Binomial name: Felis catus

A eukarayote is an organism whose cells have a membrane –bound nucleus.

Animalia (An Animal) is a multicellular, eukarayotic organism. They consume organic material, breathe oxygen, have myocytes(muscle cells that contract to produce force) and are able to move, sexually reproduce, and grow from a hollow sphere of cells, the blastula (an animal embryo in early development when it is a hollow ball of cells), during embryonic development.

Chordata (A Chordate) consists of any animal with a flexible rod supporting their back side, most of which being also vertebrates. All chordates possess, at some point as a baby or adult, five distinguishable characteristics. A notochord, a hollow dorsal nerve cord, and endostyle or thyroid, pharyngeal slits, and a post-anal tail.

·         A notochord is a flexible rod of cells that forms the supporting axis of the body.

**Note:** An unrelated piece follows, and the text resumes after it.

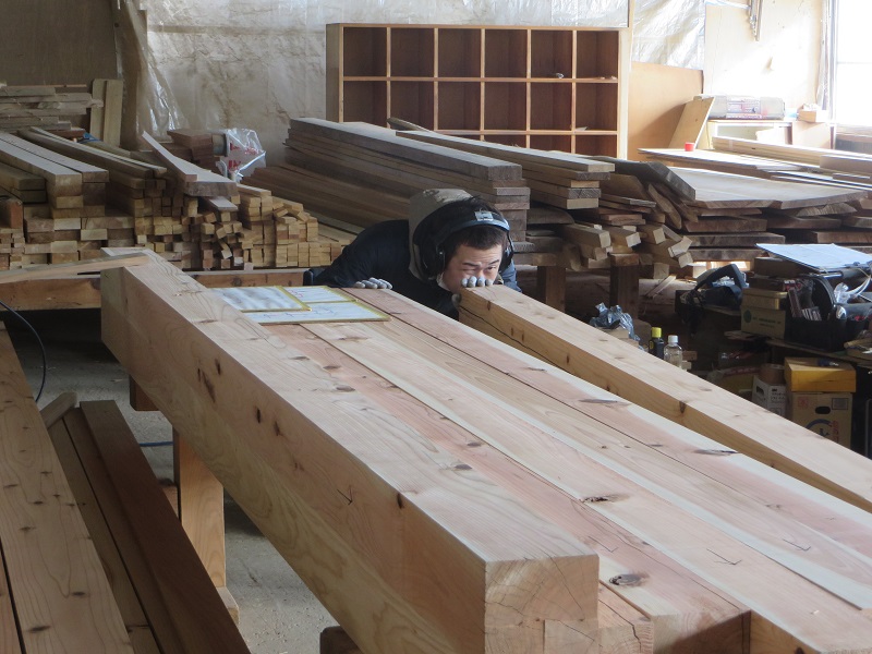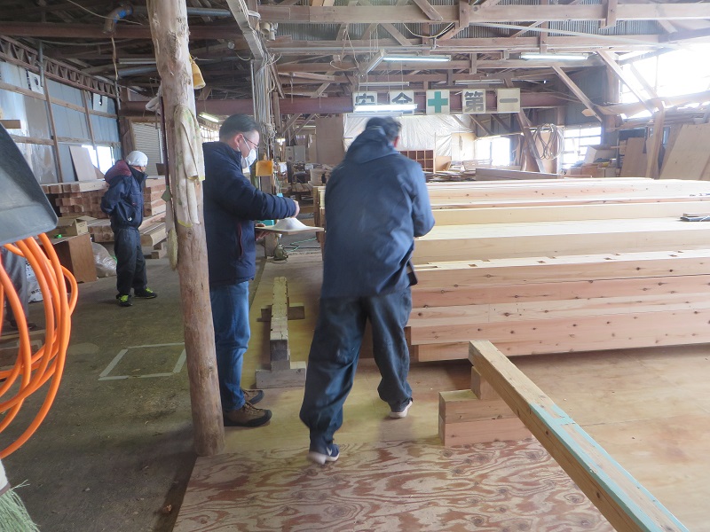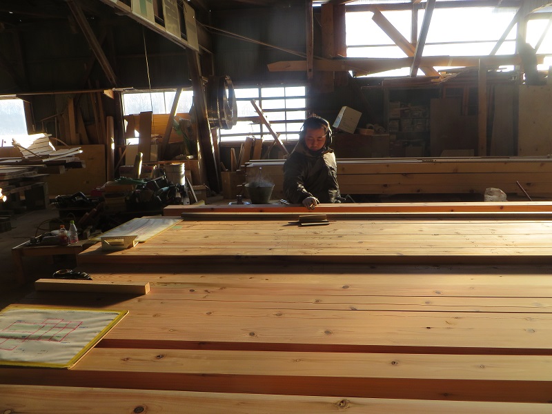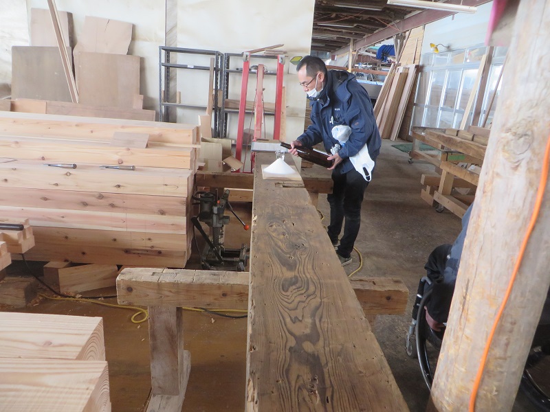 車椅子大工は、春から始まる北上の新築工事の土台墨付けを開始しています。この冬のうちに構造材の手刻みを終えて準備しておく為の取り組みです。場内では、その横で大改修現場の構造材の手刻みや新築住宅の外壁塗装なども同時に進められていました。

·         A hollow dorsal nerve cord is a tube-like structure that runs along the back of animal, and forms the central nervous system. The hollow cavity is filled with cerebrospinal fluid. Alternatively, this is called the spinal cord.

·         An endostyle is a grooved organ in the pharynx (a passageway in the head and neck that is both part of the digestive and respiratory system) of some chordates that secretes mucus to trap food and aid in digestion. A filter-feeding tool consisting of parallel longitudinal folds projecting into the pharyngeal cavity.

·         A thyroid is a small butterfly shaped gland that makes thyroid hormone and calcitonin. It helps to regulate growth and metabolism.

·         A pharyngeal slit is an opening in the pharynx that allows water to pass in and out of the body, i.e. your mouth; gills

·         A post-anal tail is a tail that extends past the anus. Humans possess this tail in early stages of development, while still in utero.

Mammalia (a Mammal) is the class of vertebrates that possess mammary glands, a broad neocortex (the portion of the brain that controls sight and hearing), fur or hair, and 3 middle ear bones.  These bones are the malleus, the incus, and the stapes, also known as the hammer, the anvil, and the stirrup due to their shapes. These bones are separated from the outer ear by your eardrum. These perform important functions to help you hear. Mammals use sight and hearing as key sensory tools to navigate. Mammals often use an “up-and-down” motion with their spines for locomotion, not side to side. This is why dolphins and whales swim up and down, and fish swim side to side.  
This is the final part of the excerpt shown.